また全ての摂食障害の方に当てはまるとは限りませんことも、併せてご了承ください。
◆メルマガ読者さまからのご質問
娘(34歳)の過食嘔吐の件で相談させて頂きます。
高校1年より単身Nzに留学、この頃より過食が始まり現在に至っています。
最近1人暮らしをしたいと自分でアパートを見つけたのですが、はたして、母親として賛成していいものか非常に悩んでご相談させて頂きました。

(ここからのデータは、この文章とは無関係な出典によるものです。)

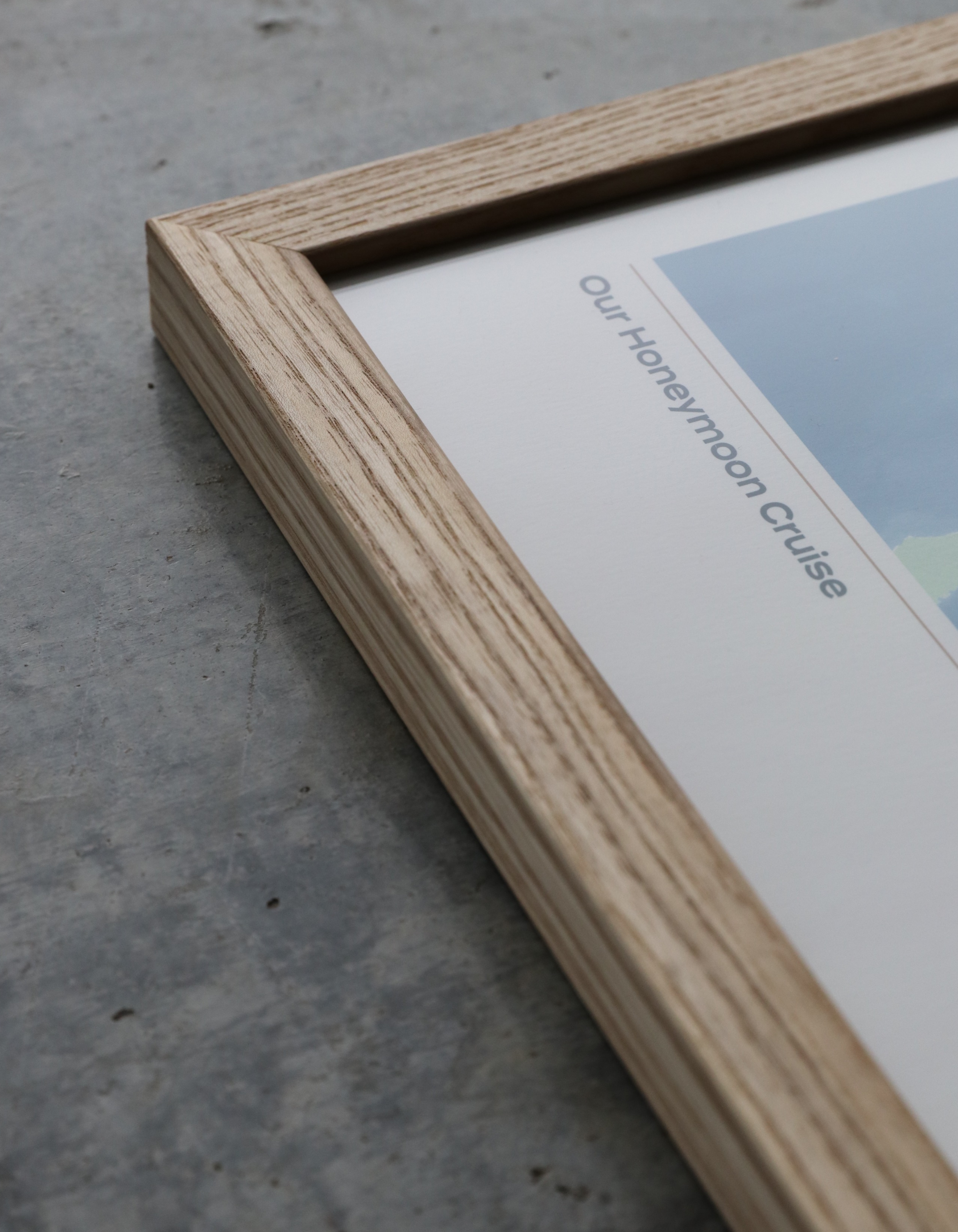 As with any fully bespoke product, we make each map individually to order. We take special care to ensure the accuracy and quality of your map. We aim to create maps within 3 business days from when you place your order. (This does not include pre-ordered maps which will be made in the 3 business days following your disembarkation.) It then takes a further 3 business days for your map to be printed (and framed), and undergo final quality assurance checks in one of our expert facilities before being dispatched.

私も摂食障害の真っ最中だった頃、ひとり暮らしをしたことがありますが・・・
それは大失敗でした。
また私自身の経験だけではなく、普段の摂食障害専門カウンセリングでお伝えしている内容なども併せて、今回のブログ記事でお届けいたします。
摂食障害の一人暮らしはNGです
最初に結論です。
私は、自らの経験からも多くのクライアント様とのカウンセリング経験からも、
摂食障害の一人暮らしには反対です。
理由はただ1つ。
キケンだから、です。
拒食・過食・過食嘔吐の中で、同じ年数・同じ体型であれば、私は過食嘔吐が1番キケンだと思っています。
キケンというのは、命のキケンです。
たくさん食べて
わざわざ吐く
という行為は、ふつうの人は一生のうちで1度もしないことです。
それを、過食嘔吐の方は、繰り返し繰り返し行っているのです。
私の命がキケンになった話。
すでにお読みいただいているでしょうか?
ぜひ、以下の記事を「自分事として」お読みください。
*過食嘔吐の命のキケン:私が大量吐血した日
大学病院に通院していても教えてくれなかったことですから、ぜひ事実として知っていただければと思います。
一人暮らしで悪化しやすい理由
一人暮らしになったら、家族から離れて自由になって、過食嘔吐なんてしなくなるんじゃないか・・・
そんなふうに思っている方が多いようです。
でも、多くの場合は、上手くいくのは最初だけです。
少しずつ、生活が「過食嘔吐のパターン」に戻ってしまいます。
・昼夜逆転しても、誰にも見られない
・部屋の中が散らかっていても、誰にも怒られない
・何時にコンビニに行っても、誰も気づかない
・毎日、パジャマ同然の恰好でも、誰も何も言わない・・・etc.
仕送りをしてもらって生活している場合でも、ふつうの食事としての食費がすべて過食代に消えてしまう・・・ということは少なくありません。
参考ブログ記事
過食代は治療費ではなく、食費でもない、「消えていくお金」です。
ご家族の接し方:シンプルに考えるコツ
摂食障害の接し方は、発熱や骨折の時と同じです。
発熱している時に、プールに行きたいと言ったら、行かせますか?
骨折している時に、マラソン大会に出たいと言ったら、賛成しますか?
きっと、答はすぐにお分かりになると思います。
上記の2つは、もちろん反対しますよね??
摂食障害の接し方が分からない・・・というご家族はとても多いです。
分からなくなった時こそ、シンプルに考えましょう。
それが、
・発熱
・骨折
・他の依存症
などに置き換えて考えてみることです。
摂食障害の最中に「やりたいこと」があることは、いいことかもしれません。
でも、「治ったら、やろうね」とか「治ってからの話だよね」と言葉を返すことも、ご家族の接し方として必要なことではないでしょうか?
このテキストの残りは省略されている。